Criminal justice systems should not be used as tools to silence freedom of opinion and speech, including against beliefs in independence for specific groups. The right to self-determination is protected under international human rights law, including as the first operative article of both the International Covenant on Civil and Political Rights and the International Covenant on Economic, Social and Cultural Rights. In accordance with those conventions "[b]y virtue of that right they freely determine their political status and freely pursue their economic, social and cultural development."  While the right does not permit groups to unilaterally declare independent statehood, or confer an automatic right to indepedence more generally, holding a belief in independent statehood for a nation or people and seeking it through nonviolent engagement and political process is protected freedom of opinion and speech. And, as such, criminal justice systems cannot be used to intimidate or harrass those seeking it.

To that end, it does appear that the police in Ghana have been systematically violating basic principles of human rights law in their repeated use of unjustified arrests and detentions of Homeland Study Group Foundation members over the past years. And, while this latest round of releases by the courts in Ghana are to be welcomed, it is to be hoped that, in the future, the courts will seek to hold the police to account, at a minimum by providing reasons for decisions to release unlawfully held detainees. Such decisions would provide the victims an ability to seek redress from higher courts or international bodies for these actions and would have a positive effect on police conduct.

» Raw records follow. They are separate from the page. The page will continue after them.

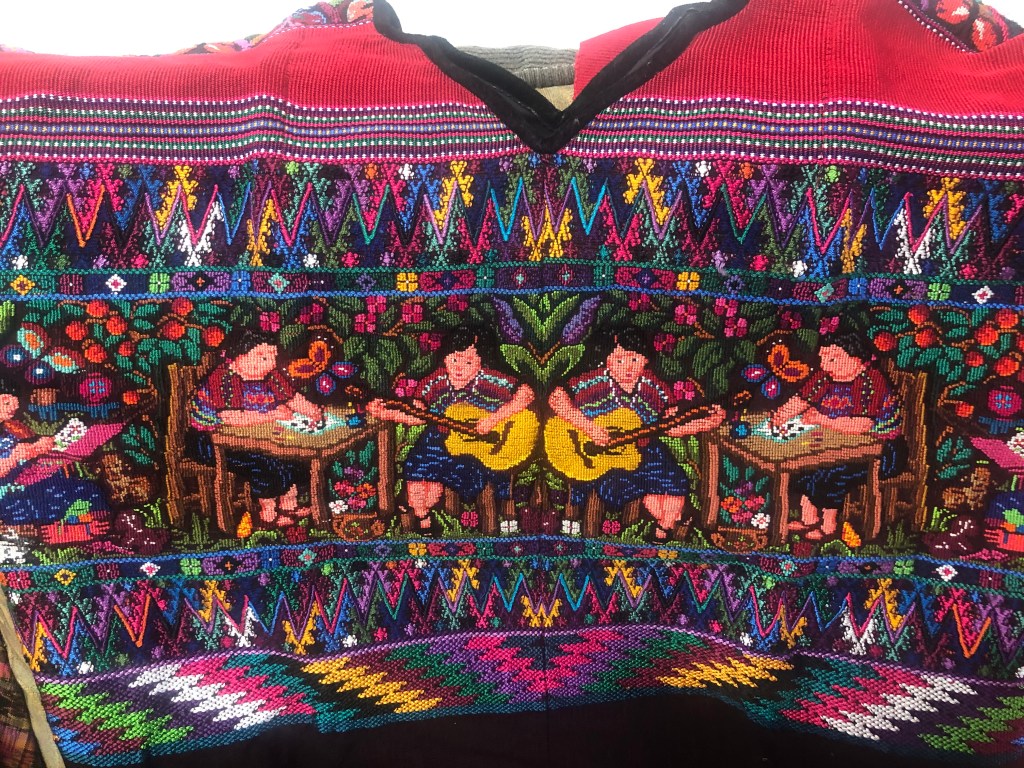 Una noche, después de cenar, nos sentamos a conversar sobre la vida cotidiana. Aprendí más sobre las tradiciones y conocimientos kaqchikeles que lo logrado durante la investigación. Adelina me explicó, paso a paso, cómo se elaboran los huipiles: cómo diseñan los patrones, cómo preparan el hilo, cómo seleccionan los temas que plasman. Todo un legado que se transmite de generación en generación.
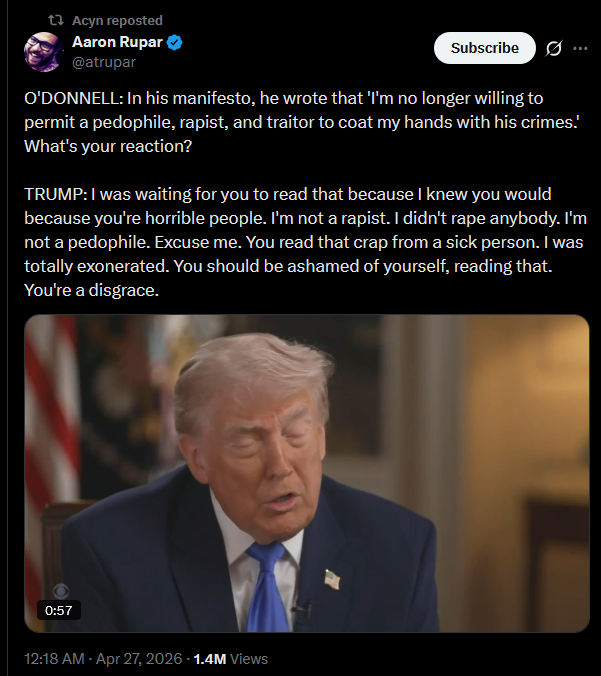 In his manifesto, he wrote that 'I'm no longer willing to permit a pedophile, rapist, and traitor to coat my hands with his crimes.' https://x.com/atrupar/status/2048542347869192532
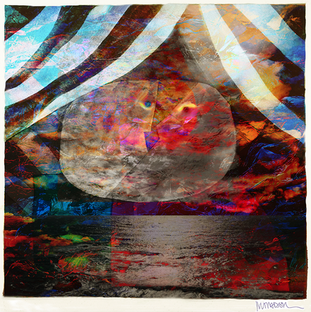 La fusión de imágenes originales agrega una capa adicional de complejidad y profundidad a estas pinturas digitales, creando una visión única y personal del
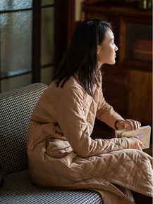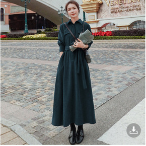 旅途 复古加棉开叉连衣裙女秋冬中长款加厚收腰过膝长...
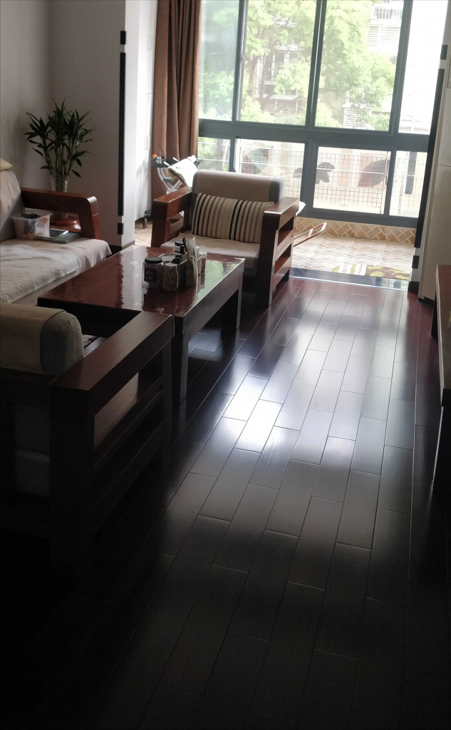 其次,非常难维护。一旦实木地板铺装完成后,就要非常细心地维护,平时阳光晒到的位置也非常容易褪色,也因此要常年将纱帘拉上。
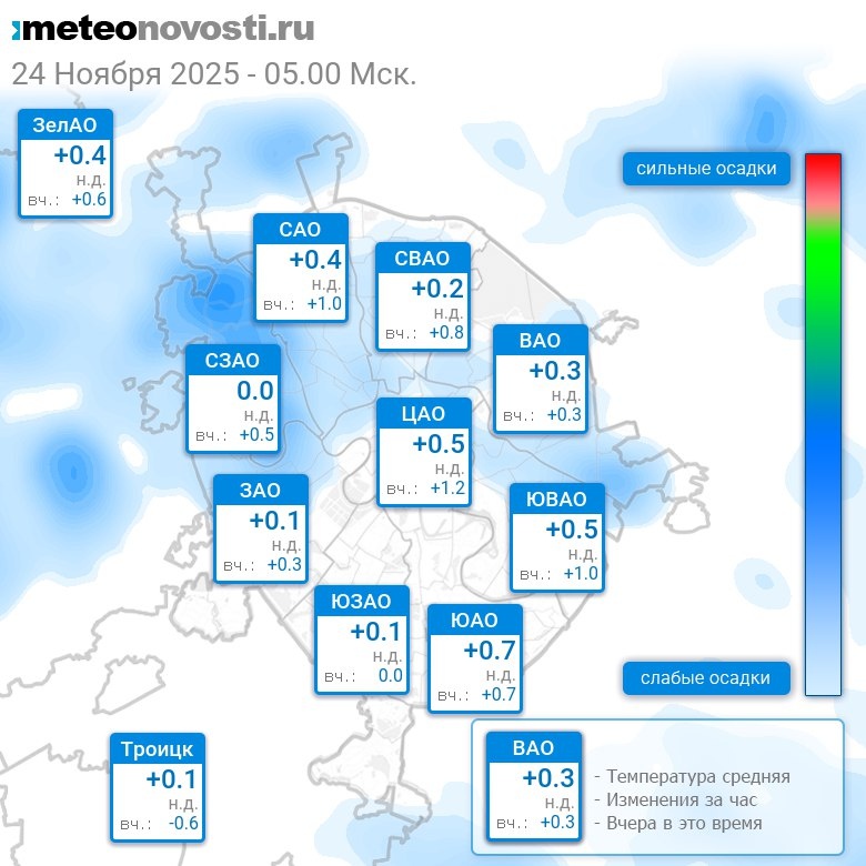 В 5:00 в Москве было от -0.3°C до +1.1°C, средняя температура +0.3°C #погода #Москва #осень #температура #24ноября #понедельник
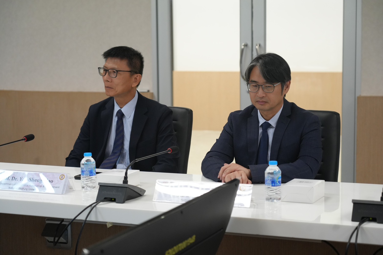 ในช่วงเช้า คณะผู้แทนจาก NPTU ได้เข้าเยี่ยมชมคณะเศรษฐศาสตร์ และได้พบกับ รองศาสตราจารย์ ดร. สุทิน เวียนวิวัฒน์ คณบดีคณะเศรษฐศาสตร์ พร้อมด้วยทีมผู้บริหาร เพื่อหารือถึงแนวทางการพัฒนาความร่วมมือระหว่างกัน พร้อมเยี่ยมชมคณะฯ อย่างละเอียด จากนั้น คณะผู้แทน NPTU ได้เดินทางไปยังคณะแพทยศาสตร์ โดยได้รับการต้อนรับจาก ผศ.พญ.สุภวรรณ เลาหศิริวงศ์ ผู้ช่วยคณบดีฝ่ายวิเทศสัมพันธ์และการสื่อสารองค์กร โดยมีตัวแทนจากภาควิชา นำเสนอภาพรวมของหลักสูตร และพาชมสถานที่และห้องปฏิบัติการต่างๆ ของภาควิชา ทั้งสองมหาวิทยาลัยได้เริ่มต้นความร่วมมือกันตั้งแต่ปี 2566 ผ่านความร่วมมือใน 3 คณะหลัก ได้แก่ คณะวิทยาศาสตร์ คณะเศรษฐศาสตร์ และคณะแพทยศาสตร์ ในรูปแบบของการแลกเปลี่ยนนักศึกษาและบุคลากร การฝึกงาน และความร่วมมือด้านสหกิจศึกษา โดยทั้งสองฝ่ายได้แสดงเจตนารมณ์ในการพัฒนาความสัมพันธ์อันแน่นแฟ้นนี้ให้ก้าวหน้ายิ่งขึ้น ผ่านการขยายความร่วมมือด้านการวิจัย โครงการแลกเปลี่ยนนักศึกษา และการส่งเสริมหลักสูตรปริญญาร่วม (Dual Degree)
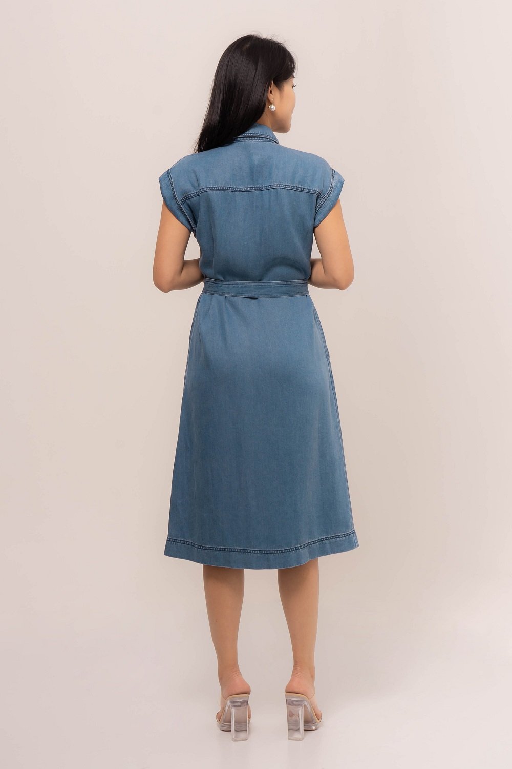 Effortlessly stylish from shoulder down, this denim Aglea Denim Dress is your go-to for laid-back sophistication.
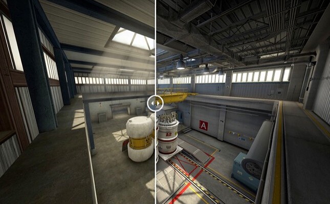 “Nuke”实为 1999 年 11 月首次登场的“de_nuke”地图,作为曾经是《CS》最具代表性的经典地图,这次重制再现身,内外构造大幅翻新,增加更多场景细节。更多新旧地图比一比,可以参考这里。附带一提,“Nuke”有收录在“Wirldfire”地图组。
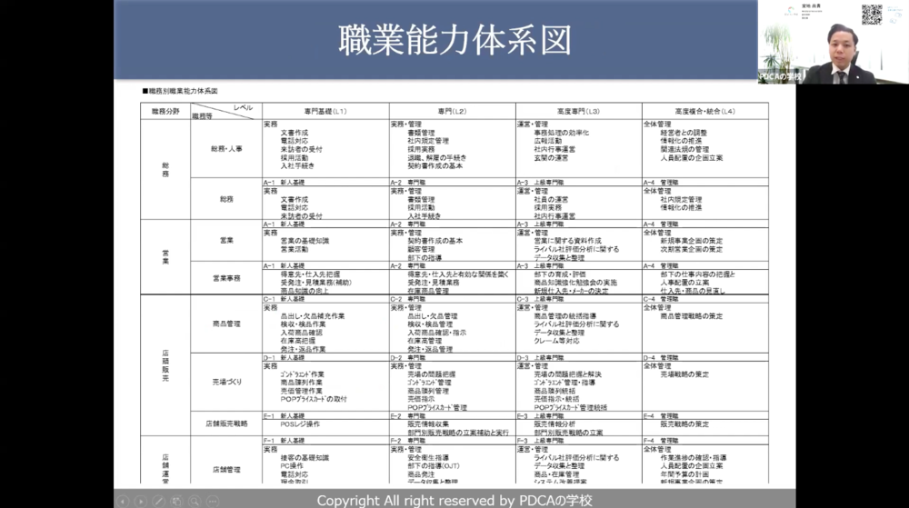 確か従業員数が一定を超えている企業さまだと、職業能力体系図や教育体系図とか、個票と言われるものは、マストで作らないといけないという話もありました。なので、まだ作られていないという企業さまは、ぜひ整備をしていただければなと思っています。
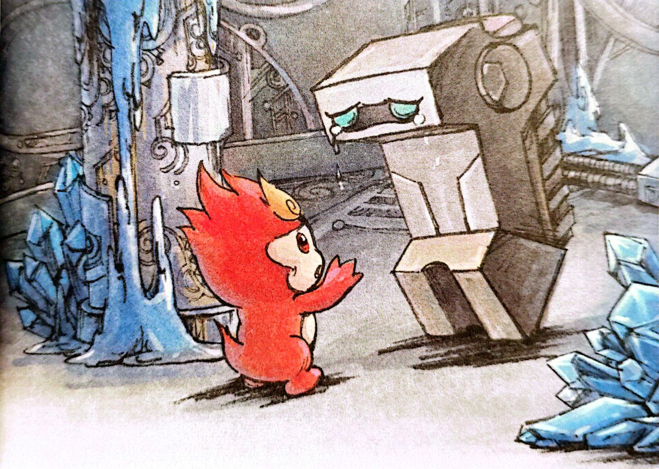回到冰洞,桑尼和烈火猴安装回了记忆芯片,随着黄色的眼睛扑闪几下,记忆不断在机械方块的脑中蜂拥而至。

Ultimately, if the government of Ghana wishes to ensure that the Western Togoland Restoration Front does not gain support in Western Togoland, its best course of action is to avoid harrassment and intimidation of nonviolent groups seeking to further their goals through demonstrations and political action and to allow such groups to operate freely and in accordance with the law in Ghana. It is only through the political process, and not through its criminal justice system, that the government of Ghana will be able to make its case that the self-determination of the people of Western Togoland can be realized within the democratic structures of the Ghanaian constitution.